1. Field of the Invention
The invention concerns a method to generate a series of MR images to monitor a position of an intervention apparatus located in an examination region, as well as a magnetic resonance apparatus and a non-transitory, computer-readable data storage medium encoded with programming instructions to implement such a method.
2. Description of the Prior Art
Magnetic resonance MR is a known modality with which images of the inside of an examination subject can be generated. Expressed simply, the examination subject is positioned within a strong, static, homogeneous basic magnetic field (also called a B0 field) with field strengths of 0.2 Tesla to 7 Tesla and more, such that the nuclear spins of the examination subject orient along the basic magnetic field. To trigger magnetic resonances, radio-frequency excitation pulses (RF pulses) are radiated into the examination subject, the triggered magnetic resonance signals are measured, and MR images are reconstructed or spectroscopy data are determined based on these magnetic resonance signals. For spatial coding of the measurement data, rapidly switched magnetic gradient fields are superimposed on the basic magnetic field. The acquired measurement data are digitized and stored as complex numerical values in a k-space matrix. An associated MR image can be reconstructed from the k-space matrix populated with such values, for example by means of a multidimensional Fourier transformation.
For example, in medical interventions on examination subjects such as patients (such as biopsies or procedures to introduce a catheter or other artificial medical interventional devices) it is often desired to be able to monitor the course of these devices or instruments. Conventionally this is done using C-arm computed tomography systems. These use x-rays for imaging, which x-rays damage and stress both the exposed tissue and the person conducting the medical intervention. Furthermore, with C-arm computed tomography systems it is disadvantageous that the possible projection planes are limited to rotations only around a rotation axis (normally the longitudinal axis of a patient).
Therefore, there are efforts to also enable such monitoring by means of magnetic resonance. However, there are factors associated with magnetic resonance modalities that hinder a selection of the intervention devices (for example biopsy needles, catheters, etc.) that are used since these must be made of a material that is compatible with (for example) the basic magnetic field of the magnetic resonance system. Moreover, such interventional devices themselves often interfere with the excitation and/or acquisition of the measurement data, for example by inducing disruptions of the magnetic field and thus lead to artifacts (for example susceptibility artifacts) which make a precise localization of the interventional devices difficult or even impossible. This applies particularly to catheters, for example as are used in angiographies. These catheters normally are formed by plastic with guide wires made of metal, and therefore are barely visible or not visible at all in conventional MR exposures. Moreover, if monitoring takes place by means of magnetic resonance, the person conducting the interventional procedure is subjected to a high noise exposure since the typical MR examination sequences generate assessed sound pressure levels of well above 90 dB(A). Ear protectors are used to reduce the noise exposure, for example, but these are often perceived as disruptive.
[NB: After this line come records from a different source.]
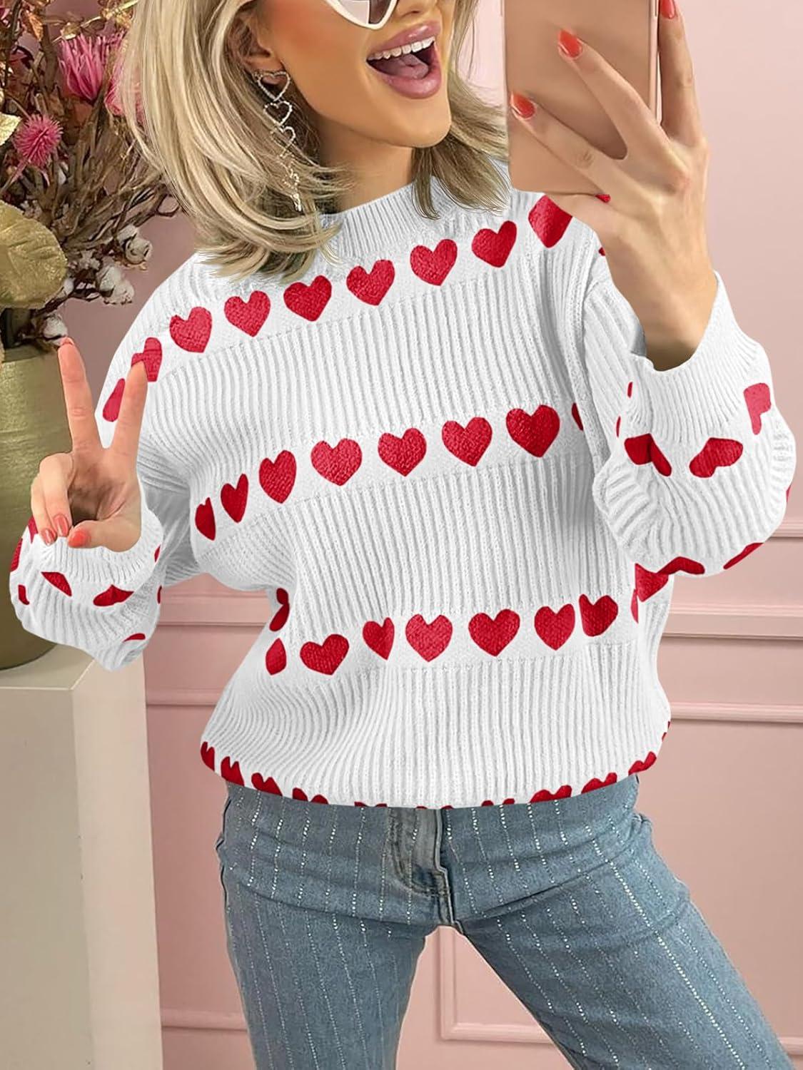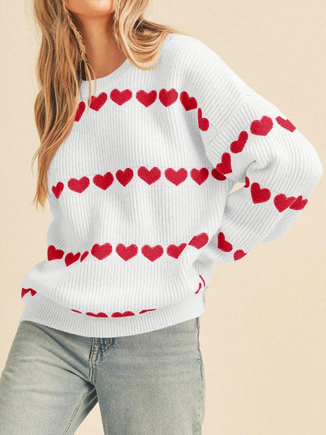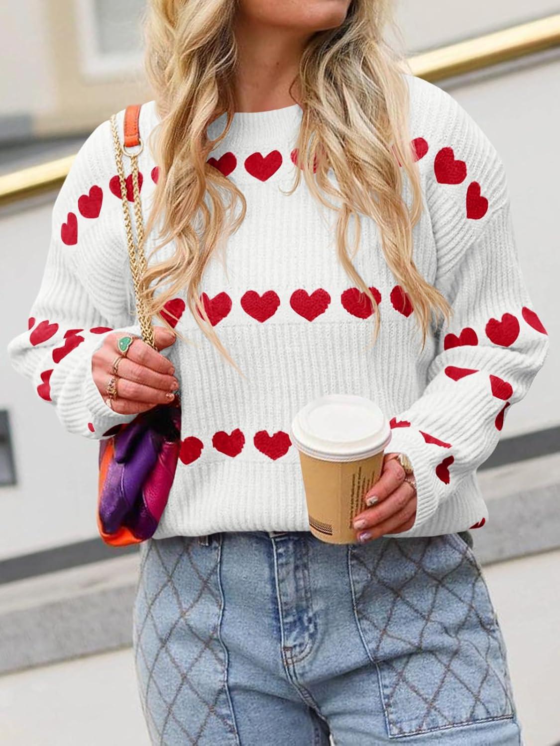 Saodimallsu Womens Heart Sweater Valentine Crew Neck Cute Ribbed Knit Loose Casual Pullover Sweaters Tops(White)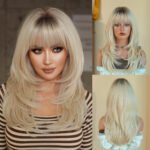 Platinum Blonde Wavy Wig with Air Bangs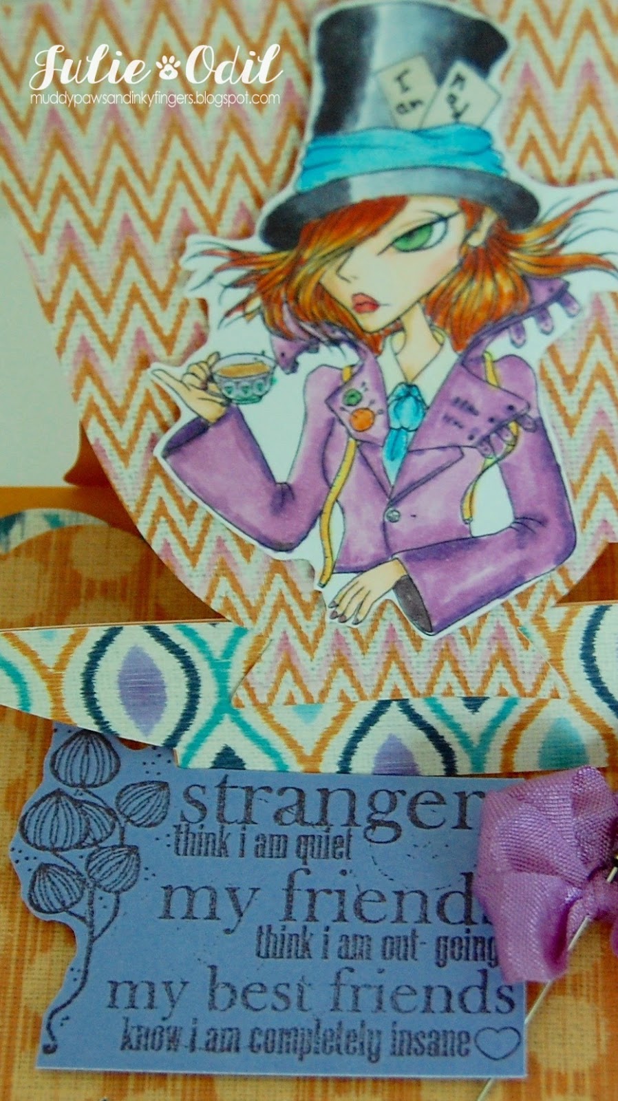This image is from The East Wind. The image is Lucy Loo 'Mad Hatter'. I colored her with Copic markers and fussy cut her. Here's a close up of the image and the sentiment. The sentiment is from Unity Stamp Company. It seemed very appropriate for The Mad Hatter!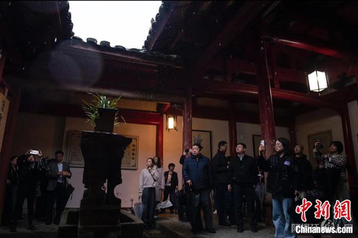 图为记者团在兴贤古街采访。中新网记者 李骏 摄
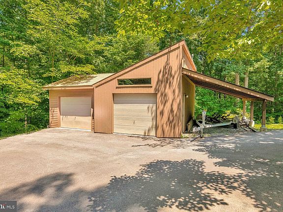 Embrace tranquility and elegance in the sought-after neighborhood of Emerald Cove! This custom contemporary A-frame home sits on 5 stunning acres, perfectly combining cleared space for entertaining with wooded areas to explore nature. Enjoy the Patuxent River with your own boat slip and 12,000lb lift at the community dock. Inside, the bright and open main level features a brand-new kitchen, engineered floors, a cozy fireplace, and sliding glass doors leading to a large deck. The primary suite is also on this level. Upstairs, you’ll find two spacious bedrooms and a full bath. The basement offers a family room with another fireplace which is ideal for movies or gatherings, a full bathroom, an additional bedroom, ample storage, and a walkout to a flagstone patio. A detached two-car tandem garage includes a separate workshop and an additional side that can serve as another garage or storage shed. The home also features a state-of-the-art geothermal HVAC system, providing energy efficiency and sustainability. Don't miss this opportunity to own a piece of paradise in Emerald Cove!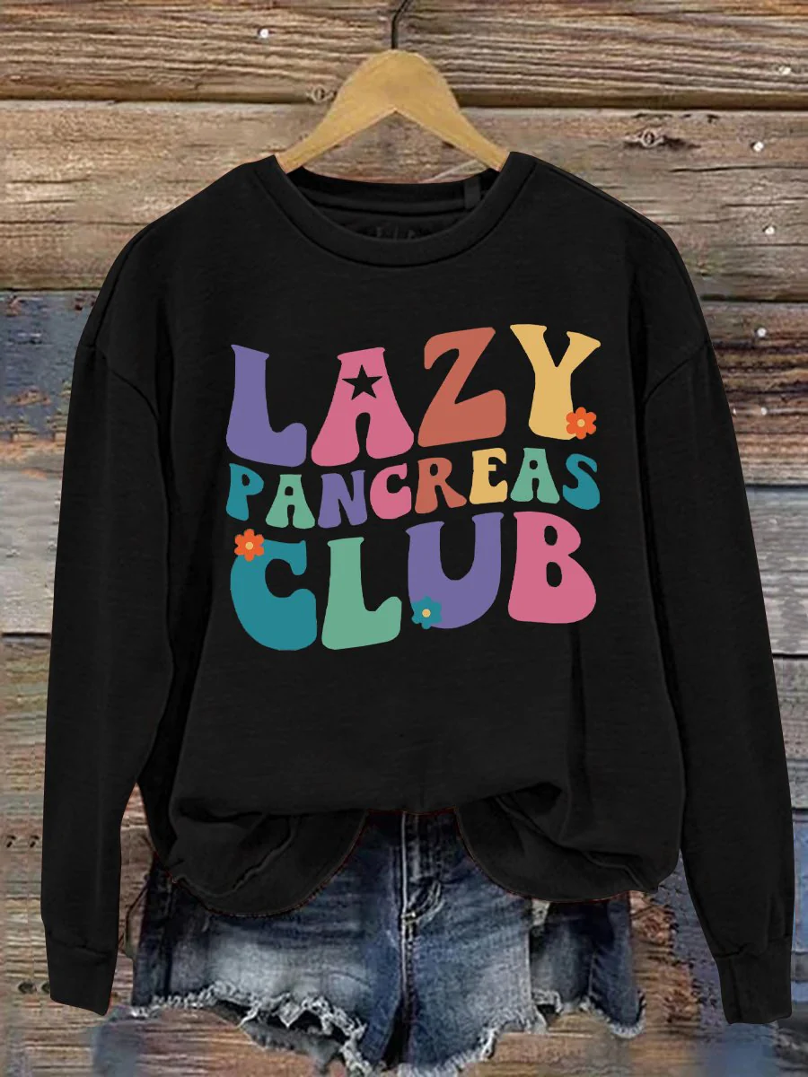 Women's Casual Diabetes Awareness Dead Pancreas Society Printed Long Sleeve Sweatshirt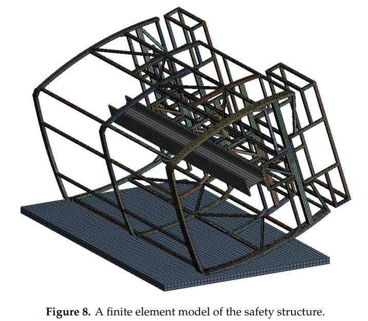 • A three-dimensional base was modeled at an 18.9-degree angle to the vertical plane of the safety frame. This angle is significant for accurately simulating the impact scenario.

In order to reduce artifacts in MR images, a significant effort is invested in the research and development of MR-compatible invention devices. In addition, it is sought to keep artifacts small by using sequences short echo times, or to process artifacts out of the data in the post-processing of the measurement data.
A number of MR-compatible markers for interventional devices are known. A selection of these is described in the United States Published Patent Application 2008/0221428 A1, for example. However, such specifically designed interventional devices are significantly more expensive and, due to the higher cost in the manufacturing, may possibly be more difficult to obtain than conventional interventional devices.
Sequences are known which enable a very short echo time. One example is the radial UTE (“Ultrashort Echo Time”) sequence, for example as described in the article by Sonia Nielles-Vallespin “3D radial projection technique with ultrashort echo times for sodium MRI: Clinical applications in human brain and skeletal muscle”, Magn. Res. Med. 2007; Vo. 57; pp. 74-81. In this type of sequence, after a wait period T_delay following a non-selective or slice-selective excitation, the gradients are ramped up and the data acquisition is begun simultaneously. The k-space trajectory that is scanned in such a manner after an excitation proceeds radially from the k-space center outwardly. Therefore, before the reconstruction of the image data from the raw data acquired in k-space can take place by means of Fourier transformation, the raw data must initially be converted into a Cartesian k-space grid, for example by regridding.
An additional approach in order to enable short echo times is to scan k-space in a point-like manner by detecting the free induction decay (FID) signal. Such a method is also designated as single point imaging since essentially only one raw data point in k-space is detected per RF excitation. One example of such a method for single point imaging is the RASP method (“Rapid Single Point (RASP) Imaging”, P. Heid, M. Deimling, SMR, 3rd Annual Meeting, Page 684, 1995). According to the RASP method, at a fixed point in time after the RF excitation, a raw data point in k-space whose phase has been coded by gradients is read out at the “echo time” TE. The gradients modified by means of the magnetic resonance system for each raw data point or measurement point, and k-space is thus scanned point-by-point as is presented in FIGS. 1a and 1b herein.